Table Extraction Algorithm

Figure 2: Table extraction algorithm in action.

In the second stage, we try to find the best column candidate combination that could possibly form a data table. We have developed a strategy that we term comb alignment of columns (step ➃): we look for adjacent columns where there is cell overlap only in one direction. This means that have detected a genuine table, and that we can extract the contents of the segmented table into XML as shown in Fig. 1.

4. EVALUATION

We performed a preliminary evaluation of our method on about 6000 automatically retrieved Web pages containing keywords from a target product domain. On manual inspection, about 40 per cent of these pages contained genuine data tables.

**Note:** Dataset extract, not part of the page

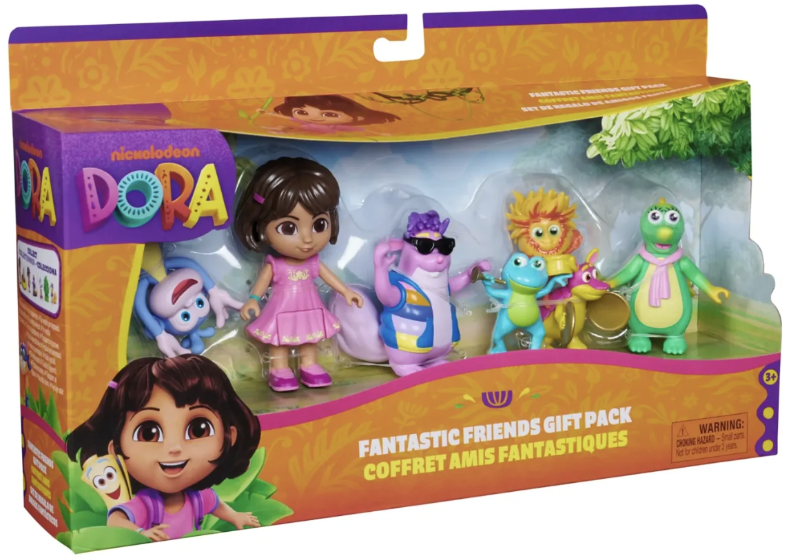 Create thrilling explorations with the Dora, Fantastic Friends Gift Pack! This amazing set of preschool action figures includes Dora, Boots, Tico, Isa, and the Fiesta Trio, each crafted with true-to-show design and styling and featuring movable parts, so kids can dive into imaginative storytelling and exciting pretend play. Dora stands at 3.5 inches, while her friends range from 2.5 to 2.75 inches tall, making them just right for little hands. Step into the world of Dora, with toddler toys that will make magical birthday, Christmas, & holiday gifts for girls & boys that love pretend play toys, like dolls & accessories, dollhouse furniture & muñecas para niñas. For even more thrilling adventures with Dora the explorer, build your very own “World of Dora” with the Rainforest Casita doll house—a casa de munecas that looks just like Dora’s house in the show, and gift packs with lovable action figures & must-have accessories, or interactive dolls, super-cute plushies & pretend play musical instruments that’ll have fans rocking out like the big kids

Our system was able to extract these tables correctly in about 70 per cent of all cases.

Limitations

Only those table types that are known in advance are supported by our algorithm. E.g., if there is a vertical gap in table cells, the algorithm currently does not deliver correct results. Also, the process is relatively slow, because it has to wait for Mozilla to render a page.

5. CONCLUSION AND FUTURE WORK

We have introduced a method for genuine table detection and segmentation that follows a visual approach and works completely unsupervised. We believe this to have advantages over methods that just operate on the HTML code level, because we operate on the (visual) layer actually meant to be read.

For the future, we plan to formalise the heuristics using an external representation, thus enabling reasoning and a more systematic way of finding the best combination of the different rules. We also believe that it may be useful to look at additional rendered page characteristics, such as borders and separator graphics.

REFERENCES

[1] B. Krüpl, M. Herzog, W. Gatterbauer, Using Visual Cues for Extraction of Tabular Data from Arbitrary HTML Documents, Proc. of the 14th Int. World Wide Web Conf., pages 1000--1001, 2005.

[2] J. Liang, I. Phillips, R. Haralick, An Optimization Methodology for Document Structure Extraction on Latin Character Documents, IEEE Trans. on Pattern Analysis and Machine Intelligence, Vol. 23, No. 7, pages 719--734, 2001.

[3] G. Nagy, S. Seth, Hierarchical representation of optically scanned documents, Proc. of the 7th Int. Conf. on Pattern Recognition, pages 347--349, 1984.